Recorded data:
--- --- ---

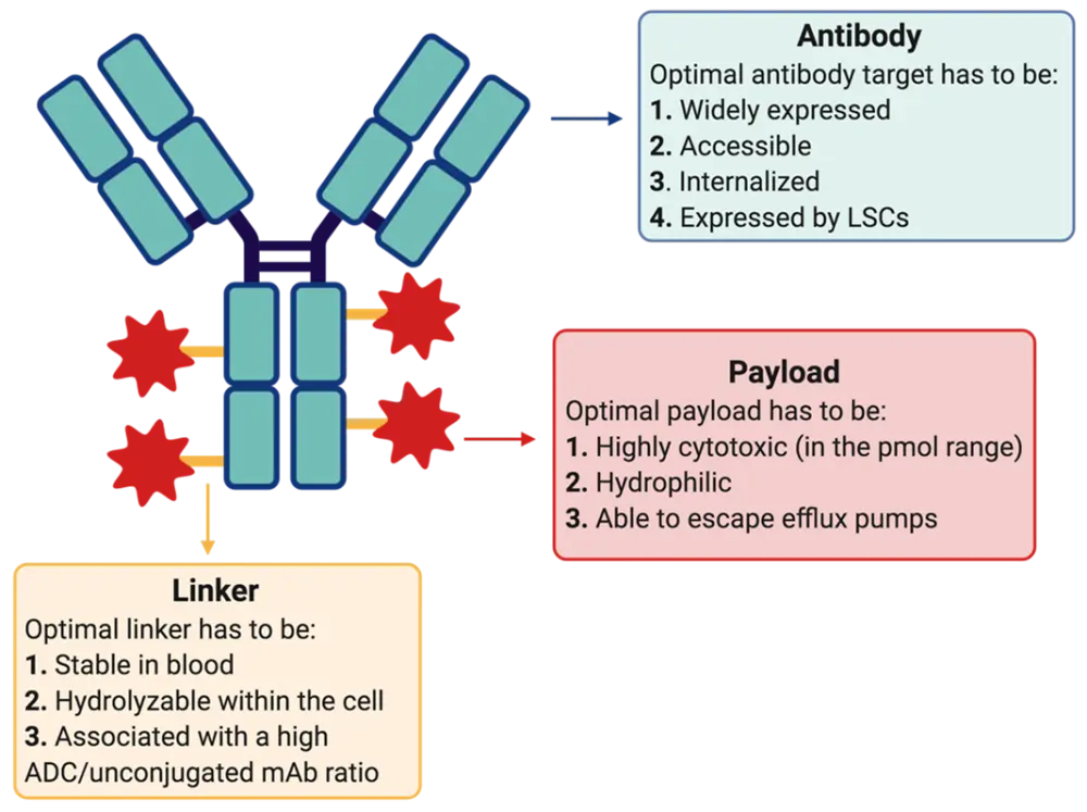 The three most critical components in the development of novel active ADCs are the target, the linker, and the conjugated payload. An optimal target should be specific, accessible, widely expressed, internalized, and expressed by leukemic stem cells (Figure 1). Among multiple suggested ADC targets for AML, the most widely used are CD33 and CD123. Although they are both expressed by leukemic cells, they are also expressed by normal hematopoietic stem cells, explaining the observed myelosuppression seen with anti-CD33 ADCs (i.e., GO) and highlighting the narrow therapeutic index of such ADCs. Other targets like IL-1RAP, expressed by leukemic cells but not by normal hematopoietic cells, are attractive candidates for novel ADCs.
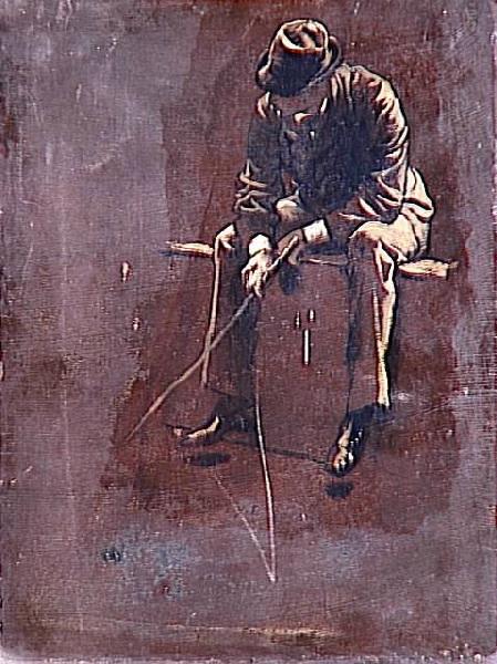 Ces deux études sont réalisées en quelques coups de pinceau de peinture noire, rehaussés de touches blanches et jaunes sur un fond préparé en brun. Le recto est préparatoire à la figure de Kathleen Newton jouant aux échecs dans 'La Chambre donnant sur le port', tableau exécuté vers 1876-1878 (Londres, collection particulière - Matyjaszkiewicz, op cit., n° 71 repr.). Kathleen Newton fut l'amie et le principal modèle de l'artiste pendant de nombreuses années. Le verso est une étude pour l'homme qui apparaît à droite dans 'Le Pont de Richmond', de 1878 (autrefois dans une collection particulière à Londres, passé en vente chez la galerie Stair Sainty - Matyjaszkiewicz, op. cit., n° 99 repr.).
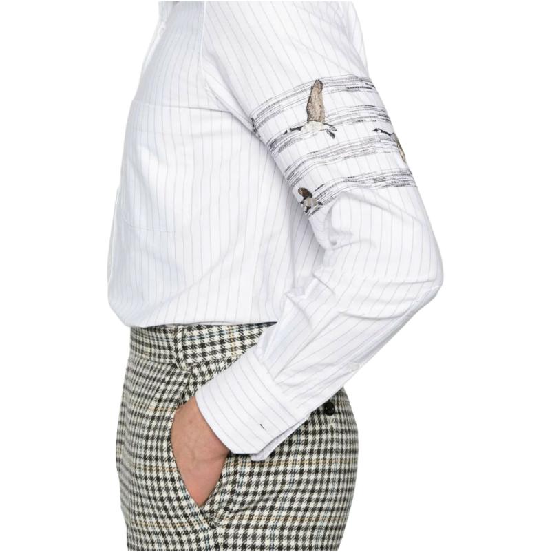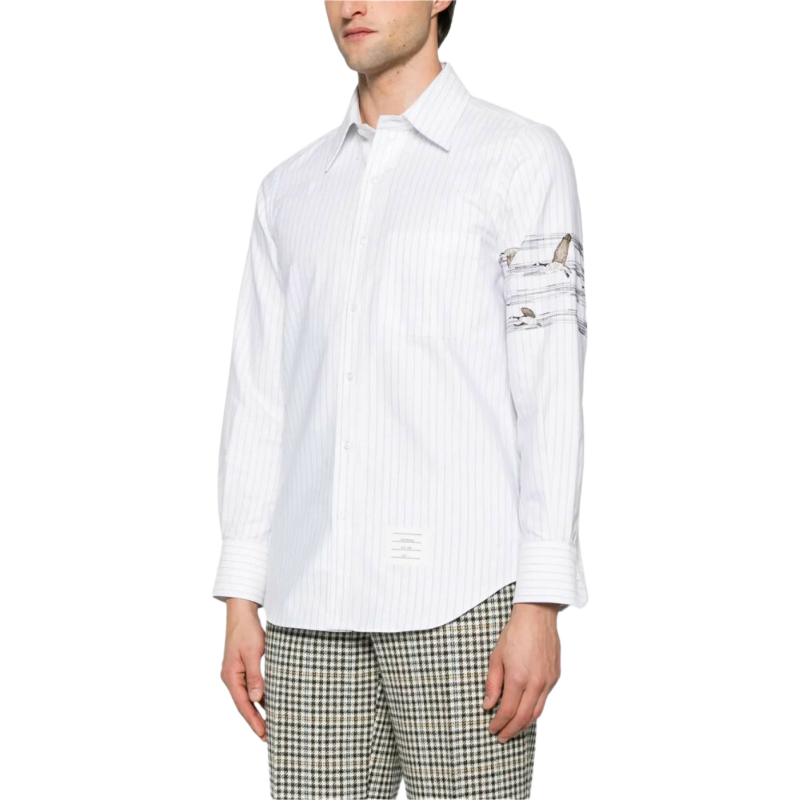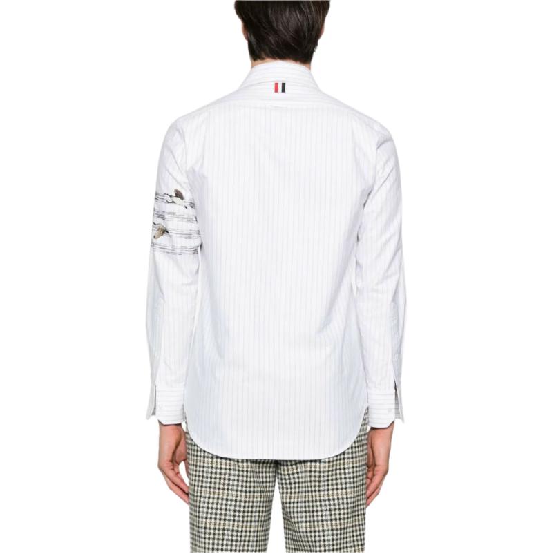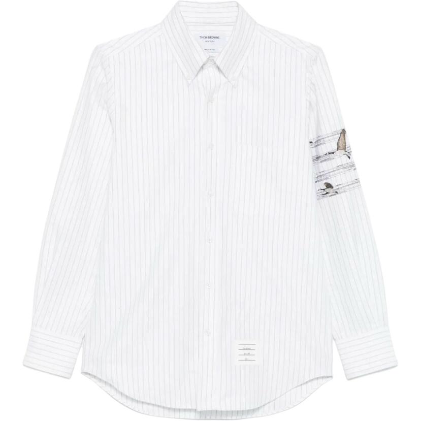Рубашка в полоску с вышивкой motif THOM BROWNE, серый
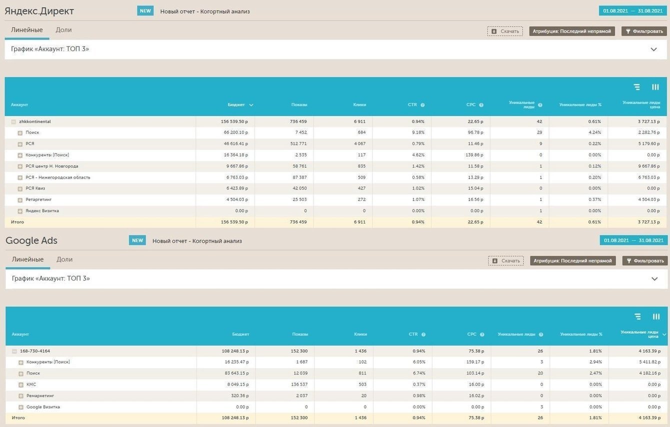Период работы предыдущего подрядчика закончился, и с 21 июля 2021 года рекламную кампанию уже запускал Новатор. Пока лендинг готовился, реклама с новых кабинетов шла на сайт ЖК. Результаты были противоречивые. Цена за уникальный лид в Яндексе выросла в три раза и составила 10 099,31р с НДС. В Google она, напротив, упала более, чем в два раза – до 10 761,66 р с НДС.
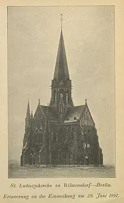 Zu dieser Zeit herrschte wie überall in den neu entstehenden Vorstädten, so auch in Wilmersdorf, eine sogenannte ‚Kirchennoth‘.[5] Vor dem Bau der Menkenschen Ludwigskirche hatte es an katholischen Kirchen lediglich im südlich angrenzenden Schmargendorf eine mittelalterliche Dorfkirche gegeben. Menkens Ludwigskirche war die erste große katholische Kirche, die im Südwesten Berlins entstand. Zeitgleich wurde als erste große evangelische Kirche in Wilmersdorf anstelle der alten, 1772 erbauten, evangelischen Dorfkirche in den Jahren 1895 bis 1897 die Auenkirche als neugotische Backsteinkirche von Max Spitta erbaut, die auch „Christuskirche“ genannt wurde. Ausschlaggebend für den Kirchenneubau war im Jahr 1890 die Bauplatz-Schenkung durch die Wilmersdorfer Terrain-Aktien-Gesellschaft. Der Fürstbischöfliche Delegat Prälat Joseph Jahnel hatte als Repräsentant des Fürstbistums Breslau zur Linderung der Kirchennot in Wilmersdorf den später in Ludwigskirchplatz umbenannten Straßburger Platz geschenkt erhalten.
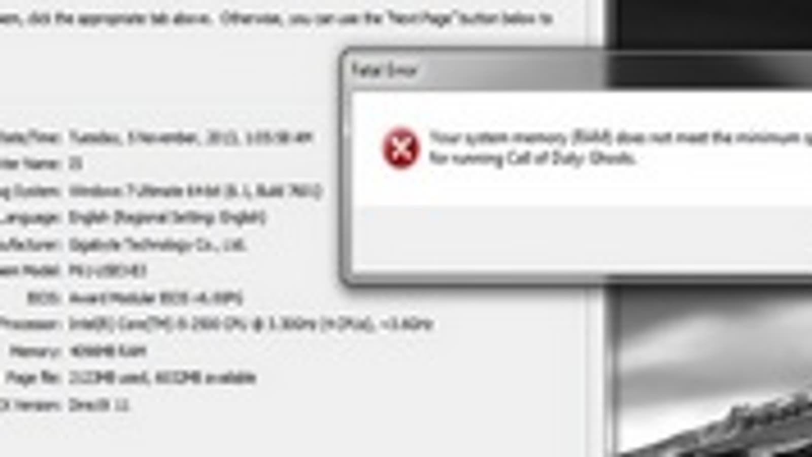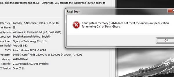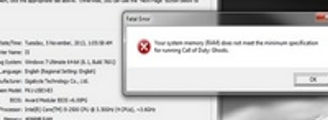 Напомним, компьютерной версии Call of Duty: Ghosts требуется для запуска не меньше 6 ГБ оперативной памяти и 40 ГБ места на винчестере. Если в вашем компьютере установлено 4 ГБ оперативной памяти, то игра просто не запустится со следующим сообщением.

--- --- ---

#### Activity:
Give back each of the records above word for word, apart from the pictures.

#### Output of the task:
 The three most critical components in the development of novel active ADCs are the target, the linker, and the conjugated payload. An optimal target should be specific, accessible, widely expressed, internalized, and expressed by leukemic stem cells (Figure 1). Among multiple suggested ADC targets for AML, the most widely used are CD33 and CD123. Although they are both expressed by leukemic cells, they are also expressed by normal hematopoietic stem cells, explaining the observed myelosuppression seen with anti-CD33 ADCs (i.e., GO) and highlighting the narrow therapeutic index of such ADCs. Other targets like IL-1RAP, expressed by leukemic cells but not by normal hematopoietic cells, are attractive candidates for novel ADCs.
 Ces deux études sont réalisées en quelques coups de pinceau de peinture noire, rehaussés de touches blanches et jaunes sur un fond préparé en brun. Le recto est préparatoire à la figure de Kathleen Newton jouant aux échecs dans 'La Chambre donnant sur le port', tableau exécuté vers 1876-1878 (Londres, collection particulière - Matyjaszkiewicz, op cit., n° 71 repr.). Kathleen Newton fut l'amie et le principal modèle de l'artiste pendant de nombreuses années. Le verso est une étude pour l'homme qui apparaît à droite dans 'Le Pont de Richmond', de 1878 (autrefois dans une collection particulière à Londres, passé en vente chez la galerie Stair Sainty - Matyjaszkiewicz, op. cit., n° 99 repr.).
Рубашка в полоску с вышивкой motif THOM BROWNE, серый
Период работы предыдущего подрядчика закончился, и с 21 июля 2021 года рекламную кампанию уже запускал Новатор. Пока лендинг готовился, реклама с новых кабинетов шла на сайт ЖК. Результаты были противоречивые. Цена за уникальный лид в Яндексе выросла в три раза и составила 10 099,31р с НДС. В Google она, напротив, упала более, чем в два раза – до 10 761,66 р с НДС.
 Zu dieser Zeit herrschte wie überall in den neu entstehenden Vorstädten, so auch in Wilmersdorf, eine sogenannte ‚Kirchennoth‘.[5] Vor dem Bau der Menkenschen Ludwigskirche hatte es an katholischen Kirchen lediglich im südlich angrenzenden Schmargendorf eine mittelalterliche Dorfkirche gegeben. Menkens Ludwigskirche war die erste große katholische Kirche, die im Südwesten Berlins entstand. Zeitgleich wurde als erste große evangelische Kirche in Wilmersdorf anstelle der alten, 1772 erbauten, evangelischen Dorfkirche in den Jahren 1895 bis 1897 die Auenkirche als neugotische Backsteinkirche von Max Spitta erbaut, die auch „Christuskirche“ genannt wurde. Ausschlaggebend für den Kirchenneubau war im Jahr 1890 die Bauplatz-Schenkung durch die Wilmersdorfer Terrain-Aktien-Gesellschaft. Der Fürstbischöfliche Delegat Prälat Joseph Jahnel hatte als Repräsentant des Fürstbistums Breslau zur Linderung der Kirchennot in Wilmersdorf den später in Ludwigskirchplatz umbenannten Straßburger Platz geschenkt erhalten.
 Напомним, компьютерной версии Call of Duty: Ghosts требуется для запуска не меньше 6 ГБ оперативной памяти и 40 ГБ места на винчестере. Если в вашем компьютере установлено 4 ГБ оперативной памяти, то игра просто не запустится со следующим сообщением.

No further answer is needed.